Сын отца, подпавшего под конкурс по приговору парижской биржи, этот последний в пятнадцать лет благодаря своей энергии не только поправил свое состояние, но еще и завоевал сверх того славу опытного финансиста: он ставил на ноги предприятия, слывшие пропащими, вроде дел австро-далматских железных дорог, столь мошеннически ограбленных и покинутых на произвол судьбы знаменитым Юстусом Гафнером[12]. Чтобы окончательно стереть всякое воспоминание об отце, Бриону надо было вступить в связи с одной из фамилий, которые составляют биржевую аристократию и почетное положение которых стоит патента на знатность.
Этот человек был теперь нужен для главы дома Родье-Вималь в качестве главного адъютанта и даже заправилы ввиду тайного кризиса, который переживали его дела. Луиза, конечно, поняла необходимость такого союза и пошла на него, но из-за этого стала страшно несчастной.
В то же самое время Эли Заллаш, также под давлением отца, выходила замуж за эрцгерцога Генриха-Франца, который увидал ее на Карлсбадских водах и воспылал яростной страстью. Подобную страсть может восчувствовать только пятидесятилетний принц, с остывшим уже сердцем, для которого чувство является вообще впечатлением до такой степени неожиданным, что он ухватывается за него со всем лихорадочным пылом юности, как бы вернувшейся на один момент.
Император, который был принципиально против морганатических браков, в данном случае согласился в надежде, что новая жизнь смирит и упорядочит его кузена, всегда отличавшегося беспокойными и революционными наклонностями. А генерал Заллаш в возвышении дочери видел верное ручательство за фельдмаршальский жезл. И он, и его жена произвели на дочь такое давление, что она уступила, сама поддавшись тщеславию, — это чувство столь обычно в ее годы.
Двенадцать лет прошло с тех пор, и две старые подруги из Сакре-Кер были по-прежнему одиноки, по-прежнему несчастны, по-прежнему сироты: одна — среди пышной жизни полупринцессы, другая — среди почти царской роскоши богачки-парижанки. Они были так же одиноки, как в дни, когда они разговаривали в первый раз под деревьями монастырского сада, зелень которого закрывала печальный бульвар Инвалидов.
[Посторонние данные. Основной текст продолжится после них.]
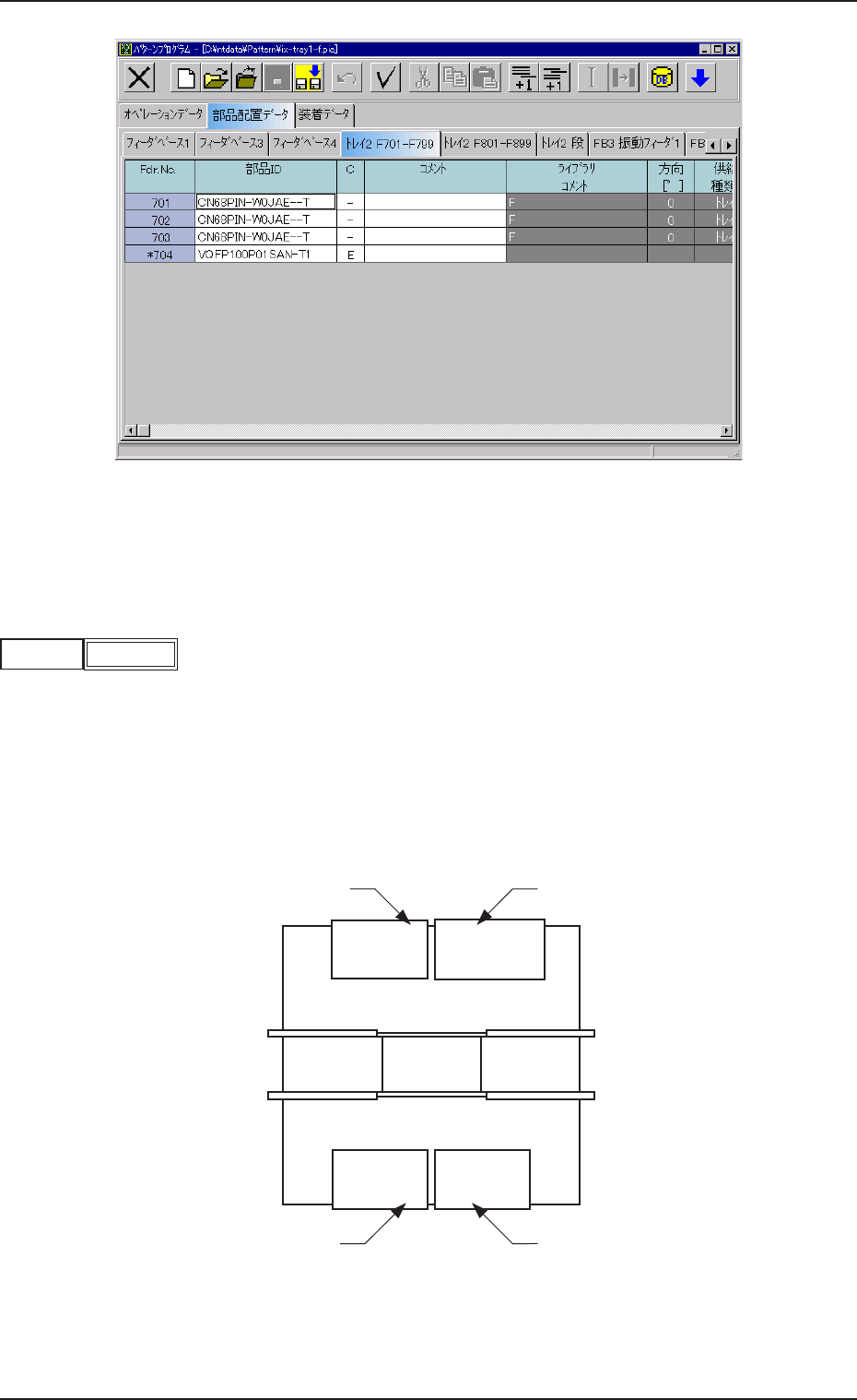 部品配置データのフィーダ番号を示します。

Они никогда не прерывали своей переписки, и так как каждая могла постоянно видеть тягость собственной судьбы в судьбе подруги, то их настроения еще более сблизились на почве этой общей меланхолии, взаимной откровенности и замкнутости от остального мира.
Жесткость финансиста, его узкий эгоизм, прикрываемый заученными манерами лживого светского человека, его грубая чувственность дали Луизе возможность понимать, оплакивать и разделять душевные мучения бедной Эли, отданной в добычу ревнивому деспотизму властелина с тяжелым, неровным и взбалмошным характером, в котором умственный нигилизм анархиста сочетался с чванным самодурством тиранической натуры. С другой стороны, баронесса по глубине собственных ран могла судить и о язвах, от которых изнывало нежное сердце ее подруги.
Только она, дочь солдата, происходящая от черногорских героев, которые никогда не сдавались, она не поддалась гнету, как поддалась наследница выродившейся семьи, внучка честных Родье и благоразумных Вималей. Эли сразу же противопоставила гордости гордость и воле волю. Дикие сцены, которые она выдерживала, глазом не моргнув, довели бы, конечно, до полного разрыва, если бы молодая женщина не возымела мысли апеллировать к очень высокой инстанции.
Властное воздействие привело к компромиссу, который спас приличную внешность. Баронесса добилась почти полной свободы, не разводясь с мужем, но всякий поймет, каким позором для него это сопровождалось. За последние четыре года это была первая зима, которую она проводила возле эрцгерцога, разболевшегося и уединившегося в своей вилле в Каннах, — странный уголок, устроенный вполне во вкусе своего странного хозяина: половина дома была дворцом, другая половина — лабораторией!
Госпожа Брион издали следила за этой супружеской драмой, потом за полуразрывом, примеру которого она не последовала. Мягкое существо, без всякого протеста, позволяло мучить и терзать себя этому кулаку — рабовладельцу финансового мира, имя которого она носила. Такой контраст сделал подругу еще более дорогой для нее. Эли де Карлсберг была ее бунтом, ее независимостью, ее романом; романом, из которого она знала не все главы.
Откровенность двух подруг, которые видятся только после долгих промежутков, всегда бывает неполной. Инстинктивно одна подруга, откровенничая с другой, не решается посягнуть на представление, которое та имеет о ней, и, в конце концов, это представление напоминает гораздо больше прошлое, чем настоящее.